Input data
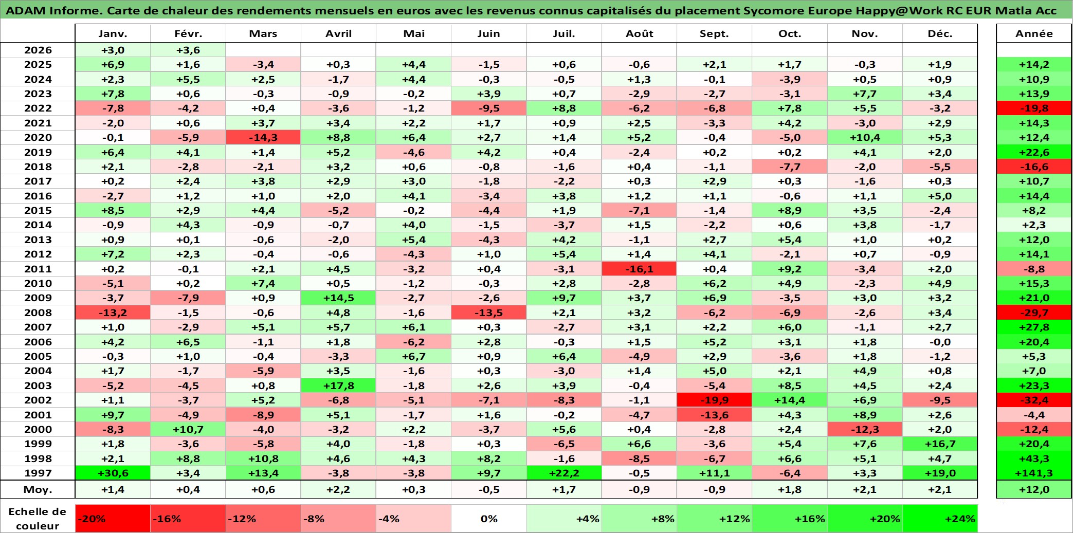 Site dédié aux investisseursPage dédiée sur site financeAnalyse des valorisations hebdomadaires du fonds Sycomore Europe Happy@Work RC EUR Matla Acc. Cet actif est cote en EUR. Les valorisations couvrent les semaines 1997W01 a 2026W09. Les revenus de cet actif financier sont pris en compte depuis la semaine 1997W01. La note ESG de cet actif n'est pas connue.
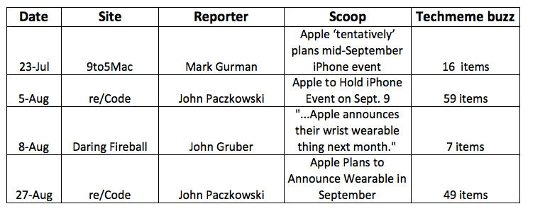 Judging from the buzz on Techmeme, it seems to matter less what Gruber or 9to5Mac‘s Mark Gurman say. When re/Code’s John Paczkowski reports that Apple is going to reveal something on such and such a date, the rest of the press climbs on board.
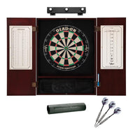 Breathe new life into your darts game with the Viper Dead On Sisal Dartboard, Metropolitan Mahogany Cabinet, Shadow Buster Dartboard Lights & "The Bull Starts Here" Throw Line Marker Bundle! You'll be shooting straight and winning every duel after practicing a few times with this set! The Dead-On is Tournament Quality Regulation 17.75" in diameter and made from compressed sisal fibers, granting it substantial longevity in comparison to older, wood-based boards. This is due to the material's "self-healing" nature: the sisal fibers automatically close the holes left behind by your darts, essentially returning the board to its original state whenever a dart is removed. You can also rotate the detachable number ring around the board, allowing your prime spots to move to a new section when the previous ones wear down. Its staple-free bullseye and galvanized triangular spider wire also significantly decrease your odds of bouncing out upon impact. Easy-to-use mounting hardware lets you play straight out of the box, and if you're not sure where to begin in your journey to darts greatness, a handy game manual is included to steer you in the right direction. Meanwhile, the Metropolitan Cabinet containing the board is constructed from pine and held together via box joints; its back is reinforced with thick black cloth to protect your wall from punctures. The doors of the cabinet are fitted with self-closing brushed nickel hinges and feature built-in dry erase scoreboards. Darts and other accessories can be stored in the compartment below the board area. The Shadow Buster illuminates your dartboard from above, making it - and all of your targets - visible in any rec room at any time. It also flips up when not in use and runs on four AA batteries. Rounding out the bundle is a standard throw line marker that's easily applied to any floor.
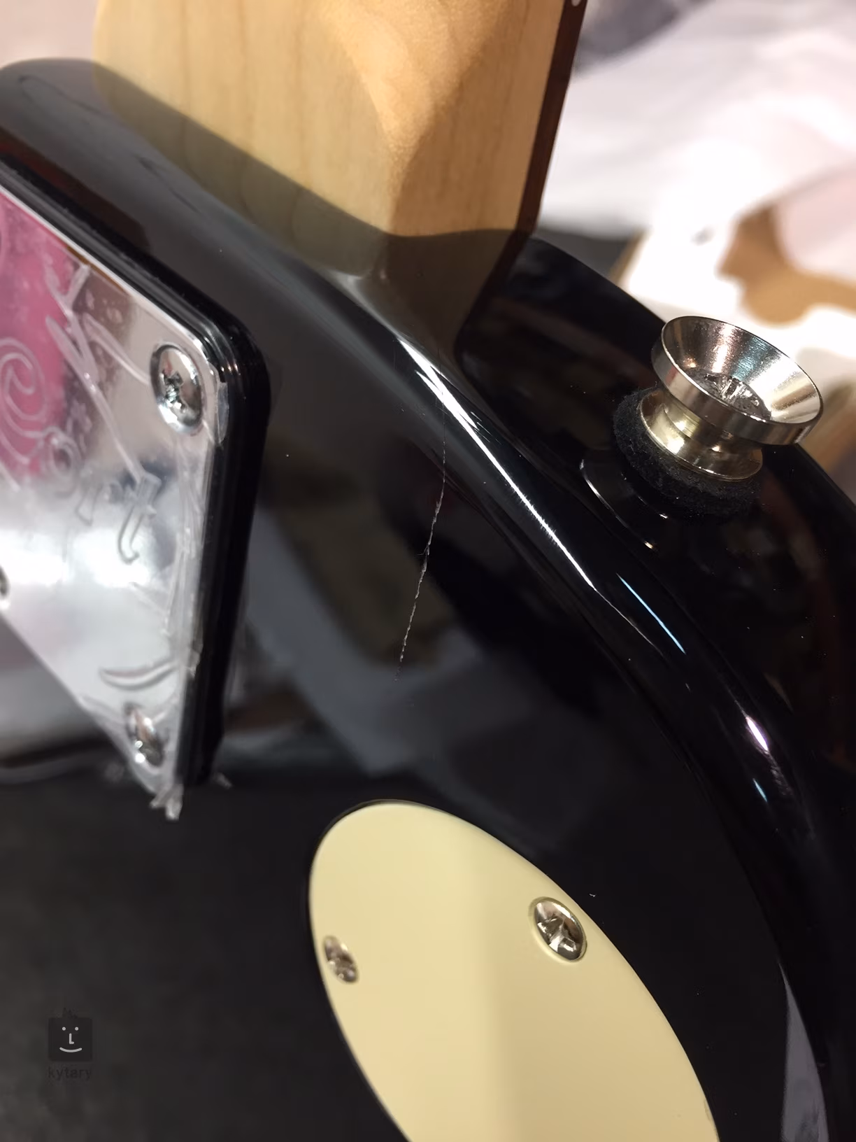 Prasliny na těle nástroje na straně a u uchycení krku (viz foto).
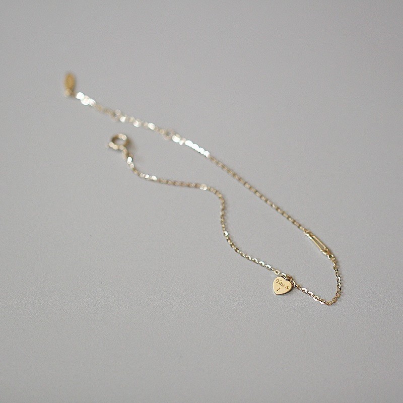 925纯银镀14k金手链女 气质百搭简约英文爱心别针极细手饰品
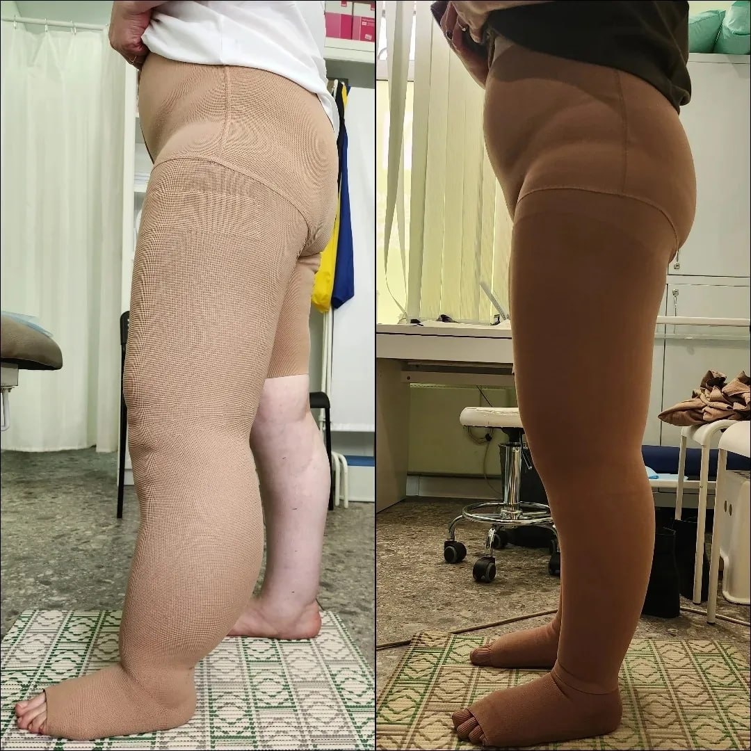 ? 🤔 Здравствуйте, дорогие друзья! 👋 На фото — сравнение двух видов компрессионного трикотажа у одной пациентки: справа — Limphacare (РФ) 🇷🇺, слева — Juzo (Германия) 🇩🇪. Разница очевидна! 👀 Означает ли это, что немецкий трикотаж неэффективен? Вовсе нет. Разберём историю пациентки кратко. 📋 2008 год: комплексное лечение рака шейки матки. С 2010-х годов: преходящие отёки ног, исчезающие после отдыха. 😴 2016 год: рожа обеих конечностей, антибактериальная терапия. Далее — повторные эпизоды рожи каждые 3 месяца. 🤒 С 2018 года отёк стал стойким в области стопы и голени. 🦶 После 2020 года: ухудшение состояния левой ноги и курс пневмомассажа с лечебной физкультурой. В 2021 году пациентка прошла хирургическое лечение — рассечение кожи с бинтованием. ✂️ Через 6 месяцев процедуру повторили. Улучшение было незначительным. 😔 2023 год: курс мануального лимфодренажа с наложением компрессионного бандажа (12 процедур) у одного из врачей-лимфологов. 💆♀️ После — надевание стандартног

Required action
With the pictures omitted, copy the entries above exactly from the line containing "Prasliny na těle" through the line containing "925纯银镀14k金手链女 气质百搭简约英文爱心别针极细手饰品", both lines included.

Result for this task
 Prasliny na těle nástroje na straně a u uchycení krku (viz foto).
 925纯银镀14k金手链女 气质百搭简约英文爱心别针极细手饰品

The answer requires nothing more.